BEGIN
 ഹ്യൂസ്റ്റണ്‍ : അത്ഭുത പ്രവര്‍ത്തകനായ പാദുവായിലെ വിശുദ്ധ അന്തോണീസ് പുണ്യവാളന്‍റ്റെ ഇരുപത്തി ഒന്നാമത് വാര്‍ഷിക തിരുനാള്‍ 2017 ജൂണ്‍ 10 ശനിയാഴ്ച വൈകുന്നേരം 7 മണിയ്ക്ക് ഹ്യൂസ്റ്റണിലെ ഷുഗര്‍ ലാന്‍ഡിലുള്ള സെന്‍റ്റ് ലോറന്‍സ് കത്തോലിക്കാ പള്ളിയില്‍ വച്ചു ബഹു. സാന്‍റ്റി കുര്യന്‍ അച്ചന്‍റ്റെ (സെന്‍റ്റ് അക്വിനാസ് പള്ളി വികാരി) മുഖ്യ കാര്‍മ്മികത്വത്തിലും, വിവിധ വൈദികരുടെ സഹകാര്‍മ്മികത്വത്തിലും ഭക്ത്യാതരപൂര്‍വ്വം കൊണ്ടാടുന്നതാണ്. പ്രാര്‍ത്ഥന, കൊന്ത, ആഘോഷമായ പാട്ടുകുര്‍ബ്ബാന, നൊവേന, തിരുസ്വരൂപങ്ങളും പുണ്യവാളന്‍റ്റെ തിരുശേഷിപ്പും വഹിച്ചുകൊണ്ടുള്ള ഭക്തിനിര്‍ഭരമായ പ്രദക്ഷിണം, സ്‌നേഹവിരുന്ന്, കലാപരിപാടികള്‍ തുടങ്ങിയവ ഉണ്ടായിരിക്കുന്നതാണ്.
END
BEGIN
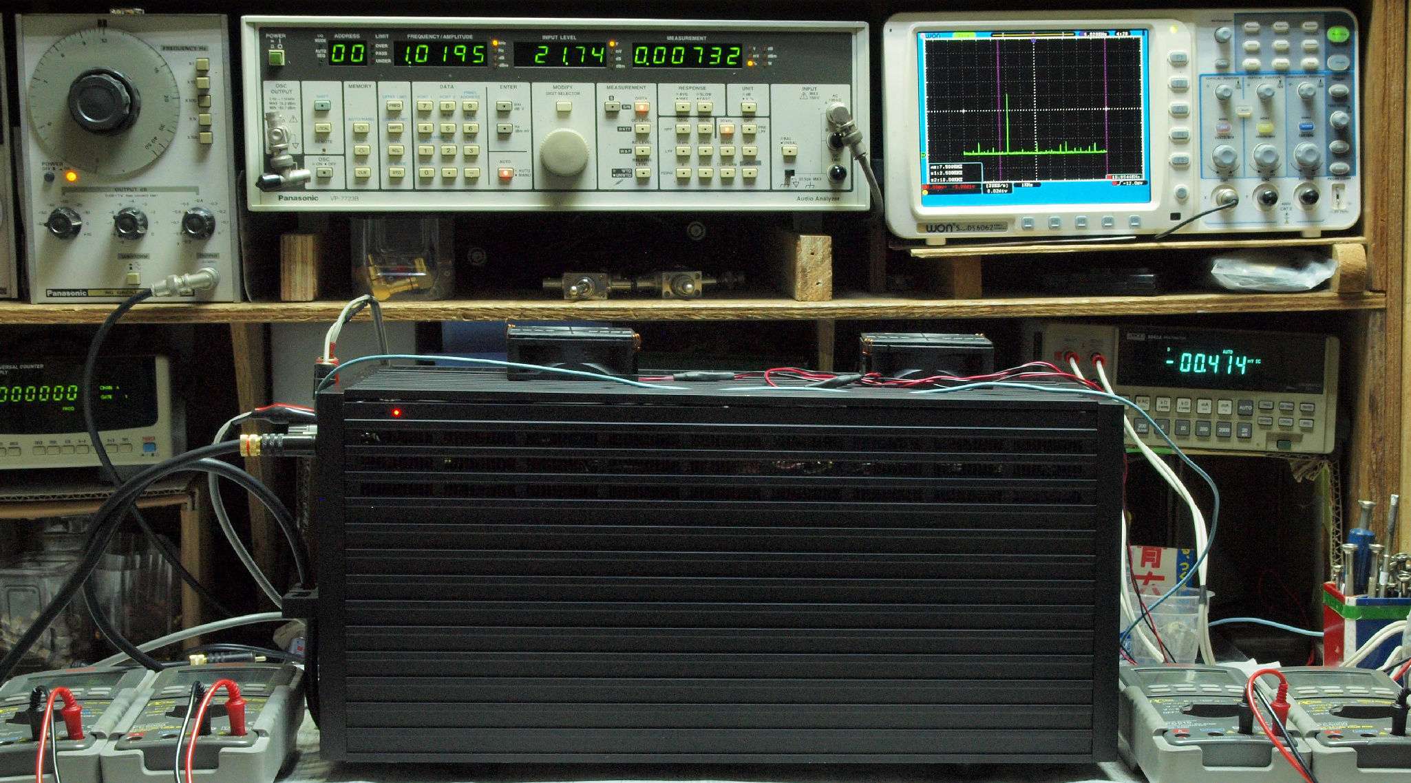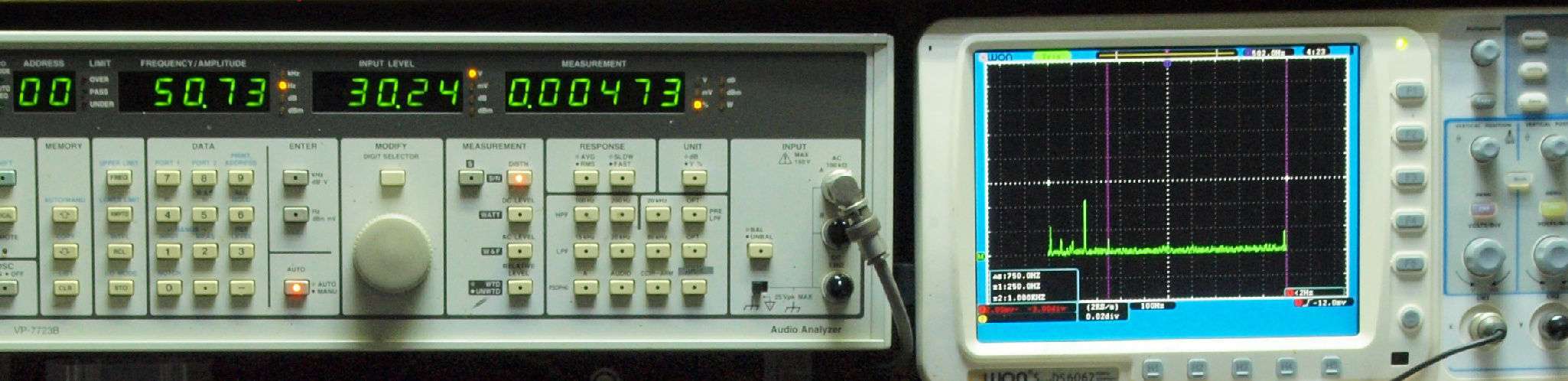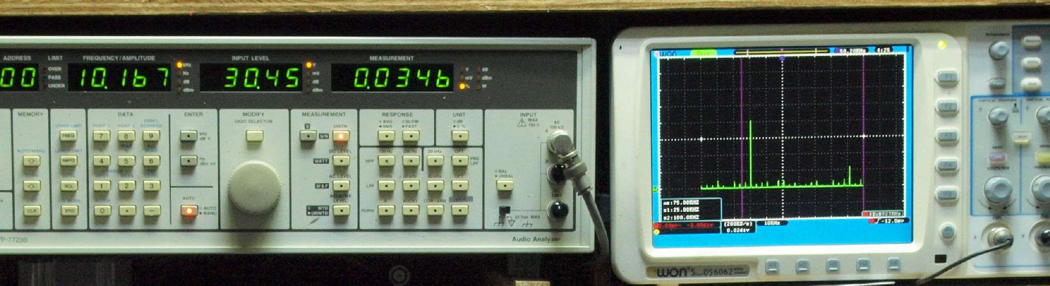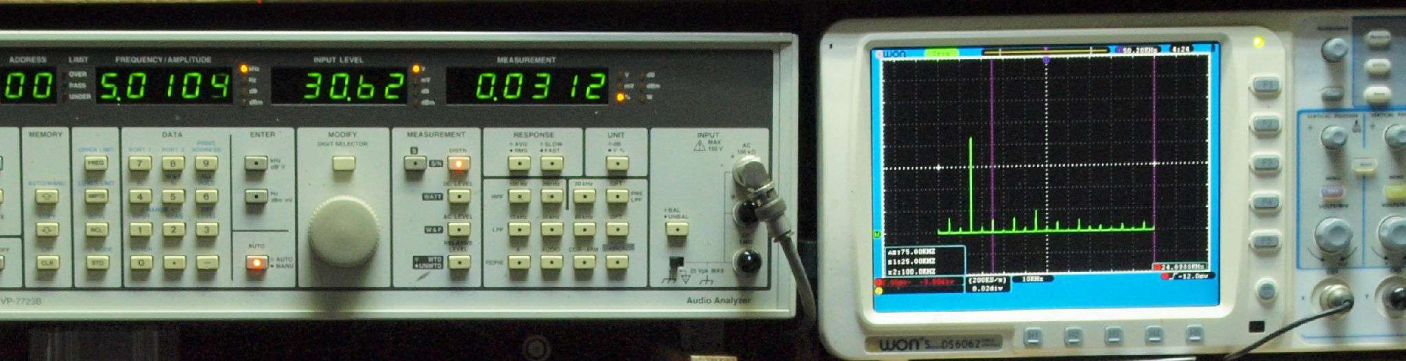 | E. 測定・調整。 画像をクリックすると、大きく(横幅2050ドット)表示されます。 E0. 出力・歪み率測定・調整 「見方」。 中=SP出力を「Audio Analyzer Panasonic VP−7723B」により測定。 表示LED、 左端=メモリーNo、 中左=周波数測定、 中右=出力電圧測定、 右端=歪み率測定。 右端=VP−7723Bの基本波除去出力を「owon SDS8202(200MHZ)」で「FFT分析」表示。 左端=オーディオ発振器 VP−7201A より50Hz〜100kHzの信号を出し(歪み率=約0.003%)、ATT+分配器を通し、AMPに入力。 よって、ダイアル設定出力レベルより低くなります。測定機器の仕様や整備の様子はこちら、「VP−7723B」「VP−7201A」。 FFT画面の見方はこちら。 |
END
BEGIN
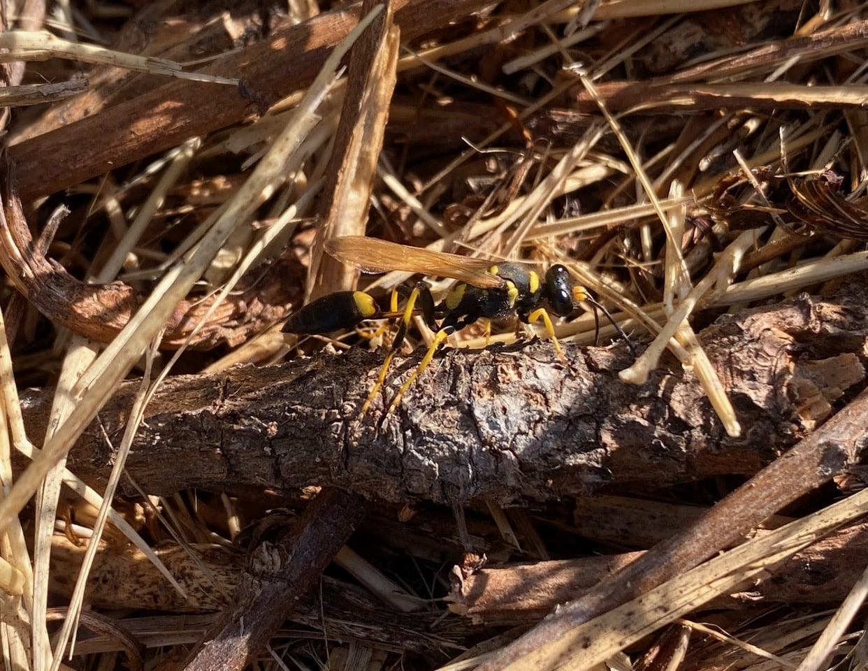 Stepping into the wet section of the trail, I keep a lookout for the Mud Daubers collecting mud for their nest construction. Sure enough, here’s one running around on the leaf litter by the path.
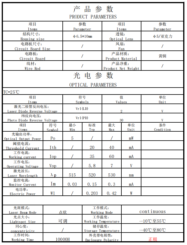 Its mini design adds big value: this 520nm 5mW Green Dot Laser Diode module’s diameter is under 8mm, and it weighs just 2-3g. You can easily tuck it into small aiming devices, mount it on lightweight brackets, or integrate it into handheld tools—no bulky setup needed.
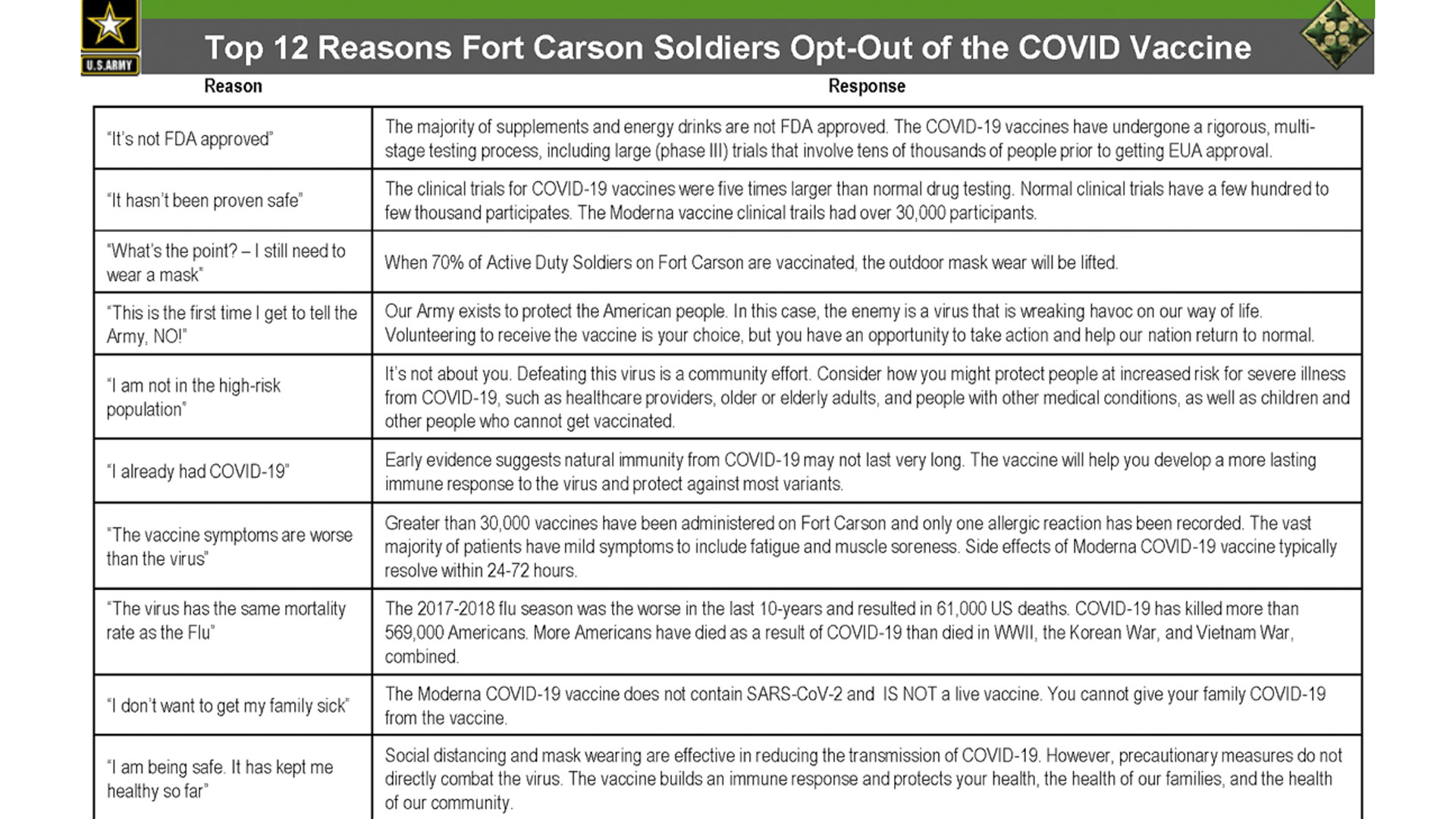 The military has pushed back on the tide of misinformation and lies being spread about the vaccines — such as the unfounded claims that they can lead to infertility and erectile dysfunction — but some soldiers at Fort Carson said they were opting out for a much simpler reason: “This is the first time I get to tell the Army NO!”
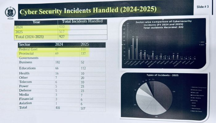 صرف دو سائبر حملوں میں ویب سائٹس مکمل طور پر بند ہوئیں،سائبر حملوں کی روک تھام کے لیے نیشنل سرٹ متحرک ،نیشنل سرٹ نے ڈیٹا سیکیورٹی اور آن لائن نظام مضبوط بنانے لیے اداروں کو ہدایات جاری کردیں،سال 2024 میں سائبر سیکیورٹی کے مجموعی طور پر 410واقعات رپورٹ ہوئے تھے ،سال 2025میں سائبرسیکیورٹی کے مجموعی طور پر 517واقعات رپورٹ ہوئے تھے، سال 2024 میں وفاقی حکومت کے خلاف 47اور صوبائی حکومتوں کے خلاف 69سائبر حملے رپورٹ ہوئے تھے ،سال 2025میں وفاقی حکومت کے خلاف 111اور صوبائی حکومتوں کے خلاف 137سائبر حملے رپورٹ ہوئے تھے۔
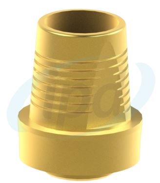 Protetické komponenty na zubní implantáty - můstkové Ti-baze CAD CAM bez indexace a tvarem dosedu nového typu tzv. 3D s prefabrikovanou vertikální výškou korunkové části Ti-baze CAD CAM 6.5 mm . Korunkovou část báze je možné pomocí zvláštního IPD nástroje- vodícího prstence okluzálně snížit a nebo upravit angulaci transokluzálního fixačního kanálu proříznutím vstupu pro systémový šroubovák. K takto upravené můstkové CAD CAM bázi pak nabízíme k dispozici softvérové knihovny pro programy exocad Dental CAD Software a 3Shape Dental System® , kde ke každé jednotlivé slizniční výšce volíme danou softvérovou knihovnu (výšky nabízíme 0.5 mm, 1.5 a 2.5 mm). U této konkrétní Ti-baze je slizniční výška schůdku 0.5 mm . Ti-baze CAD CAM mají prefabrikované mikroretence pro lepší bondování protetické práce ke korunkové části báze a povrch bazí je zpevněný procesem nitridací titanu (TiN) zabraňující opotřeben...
END
# WHAT IS NEEDED
Range to print from the listing above: from the line with "Its mini design" up to and including the line with "The military has". Please print those lines exactly, with no pictures and nothing more.

# SOLUTION TO THIS TASK
 Its mini design adds big value: this 520nm 5mW Green Dot Laser Diode module’s diameter is under 8mm, and it weighs just 2-3g. You can easily tuck it into small aiming devices, mount it on lightweight brackets, or integrate it into handheld tools—no bulky setup needed.
 The military has pushed back on the tide of misinformation and lies being spread about the vaccines — such as the unfounded claims that they can lead to infertility and erectile dysfunction — but some soldiers at Fort Carson said they were opting out for a much simpler reason: “This is the first time I get to tell the Army NO!”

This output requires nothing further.